ERK v JCC [2020] KEHC 6484 (KLR) | Presumption Of Marriage | Esheria

ERK v JCC [2020] KEHC 6484 (KLR)

Full Case Text

REPUBLIC OF KENYA

IN THE HIGH COURT OF KENYA AT KERICHO

CIVIL APPEAL NO.8 OF 2018

ERK........................................................APPELLANT

VERSUS

JCC....................................................RESPONDENT

(From the judgment in Kericho CMCC No.120 of 2011– E. M. Karani RM)

JUDGMENT

1. In a judgment delivered on 7th March 2018 the learned magistrate concluded as follows –

“accordingly, I enter judgment for the plaintiff in the following -

a.
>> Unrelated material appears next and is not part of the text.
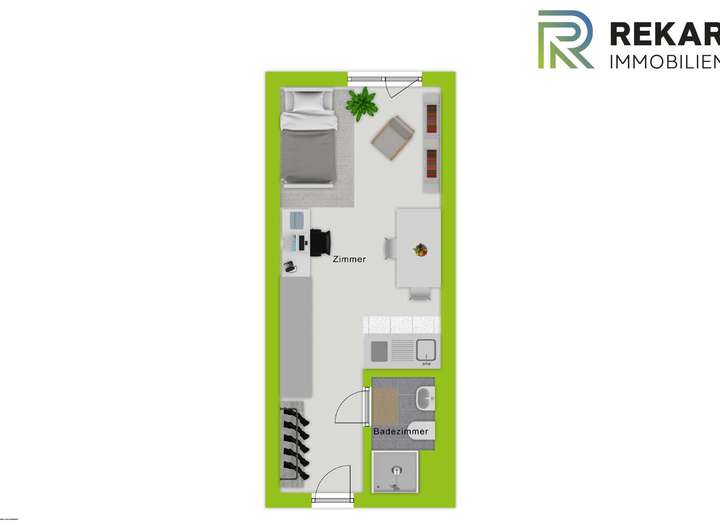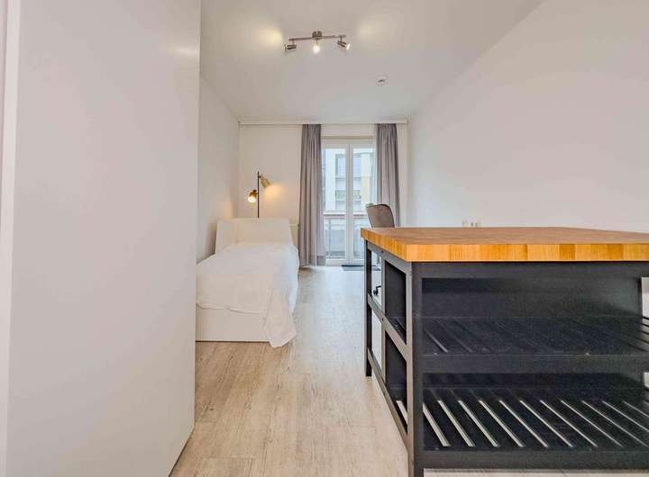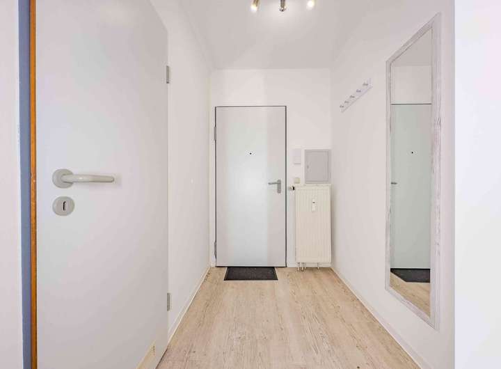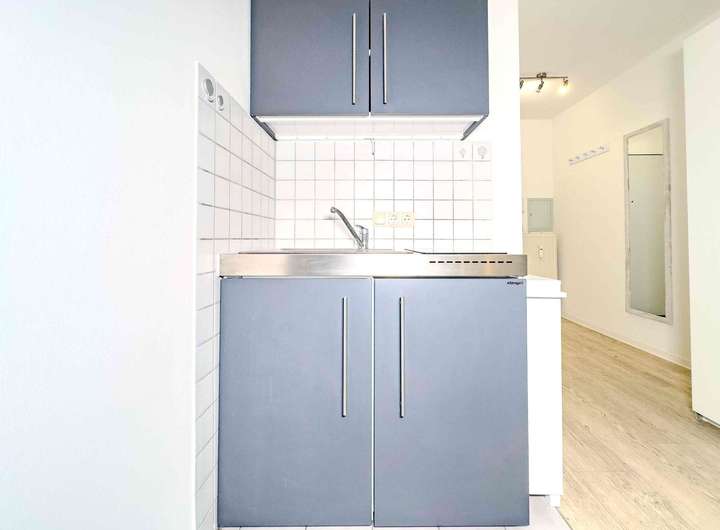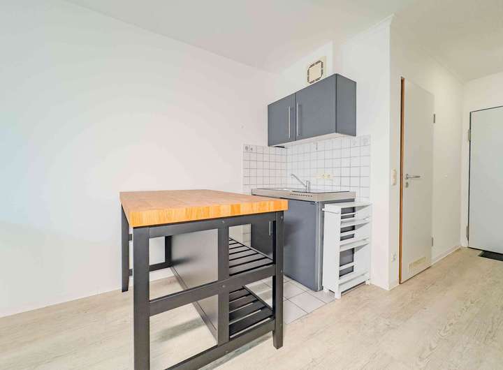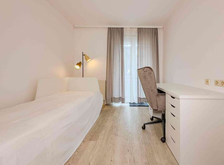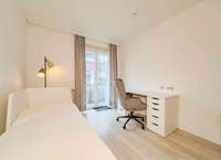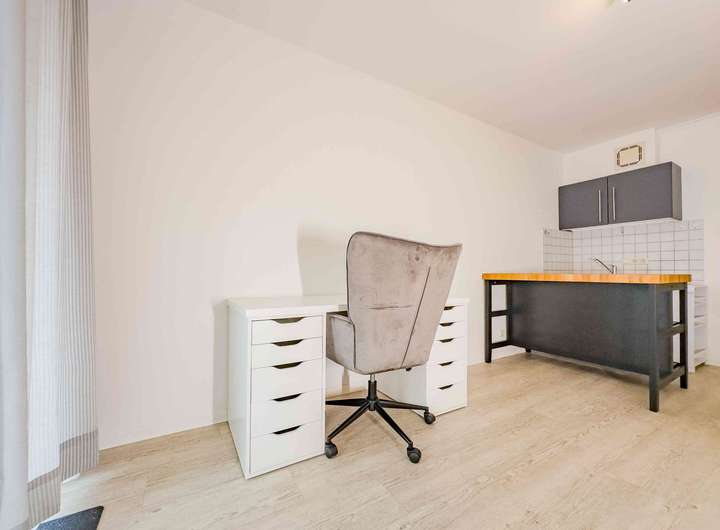 Die Einrichtung lässt keine Wünsche offen: Ein neuer Kleiderschrank, ein modernes Bett und ein praktischer Schreibtisch in zeitlosem Weiß machen das Wohnen hier besonders angenehm. Die Single-Küche ist perfekt ausgestattet – inklusive Kühl-/Gefrierkombi und Cerankochfeld – und bereit für alles, vom schnellen Frühstück bis zur Mitternachts-Pasta. Das Bad mit Dusche und WC bietet alles, was du brauchst, um dich frisch und startklar zu fühlen.

That a declaration that the subsisting marriage by presumption between the plaintiff and the defendant herein is hereby dissolved.

b. A declaration that the plaintiff is entitled to (1/2) share of the value of the following jointly acquired properties

i. LR NO. Kericho/Kapsuser/XXXX valued at Kshs.600,000.

ii. K W E with a net capital of Kshs.1. 5 million.

iii. Motor vehicle registration number KBD XXXD Toyota Raum valued at Kshs.670,000/=.

iv. A permanent residential house constructed on LR No.Kericho/Kapsuser/XXXX.

c. Each party shall bear its own costs.

d. On any other or further relief as prayed by both parties herein and in the interests of fairness to the parties, this court directs that –

i. The parties herein do appoint and nominate a joint valuer or each of the parties to get a valuer of their choice so that the value of the properties in (b) above can be ascertained within 30 days of this judgment.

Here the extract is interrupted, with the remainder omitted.